An opinion, which cannot be overlooked, is that the orientation of migration has not only connections with social or economic criteria and incentives; it consists also the sense of hospitality. The concept of hosting is very familiar to the Greek mentality and culture, having its roots in the experiences of Greeks and their history. Images and stories of those and more residents from other islands have been reproduced in all around the world, receiving admire. This is encouraging for these people to continue to ‘save’ people.
|Flow of 90s in Greece vs Flow since 2011 in Greece|
|One mainly ethnicity’ s flow||Mixed flows|
|Labor migrants subdivided into unskilled/seasonal – Economic migrants||Refugees/RSD/; Illegal immigrants/; IDPs; Asylum Seekers; Economic migrants; unskilled and skilled migrants
|forced repatriation to the country of origin in 1992 and 1997||–|
|protection from their own state||no protection from their own state|
|Greek-Albanian land border||Greek-Turkish land and sea borders|
|Adults; mainly men||Men, children (unaccompanied minors-children without a responsible adult to care for them), women and elder people|
|Victims of discrimination||Victims of Smuggling and Trafficking|
|opportunities to resume a normal life and economic self-sufficiency (in Greece)||few opportunities to resume a normal life or economic self-sufficiency (in Greece)|
|one route||three primary routes|
|–||help by NGOs and civil society|
|few usage of pictures||many pictures that depict pain and death|
|push factors: poverty; unstable political situations||push factors: Homelessness; violence; Lack of economic growth|
|pull factors: Financial and political stability of Greece: common borders||pull factors: Protection and beneficial policies; Humanitarian Aid|
The two mentioned immigration flows to Greece could be used as an example to prove that with the passage of time, the nature of conflicts has led to the change of the nature of the migration flows, as well. Greece has clearly been a receiving county of inflow of migrants and in both researched cases it was unprepared to face the new volume and the quality of the flows. The concept of migration therefore varies depending on the social, economic and cultural conditions.

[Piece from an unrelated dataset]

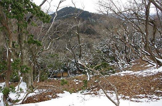 雪の斜面を下りていくと、いきなりいい谷が西の竹次谷の方に下りていた。北側が雪、南向きは落ち葉。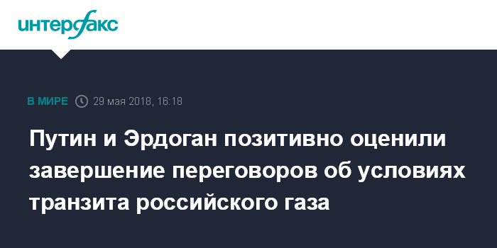 Москва. 29 мая. INTERFAX.RU - Президенты РФ и Турции Владимир Путин и Реджеп Тайип Эрдоган дали позитивную оценку успешному завершению переговоров об условиях транзита по турецкой территории российского газа b подтвердили настрой на укрепление партнерства, сообщает во вторник пресс-служба Кремля.

The power of media to portray perceptions is unquestionable in both cases. Albanians were presented as invaders, emerging a sense of threat and alarm, as they were linked with criminality and employment- taking. On the other hand, in the case of the Syrian migrants, even if it is a mix flow, Greek printed press is affecting the public opinion by provoking a global wave of emotion and indignation. To conclude, it is not the usage of the word “security” that is crucial, but rather the “designation of an existential threat.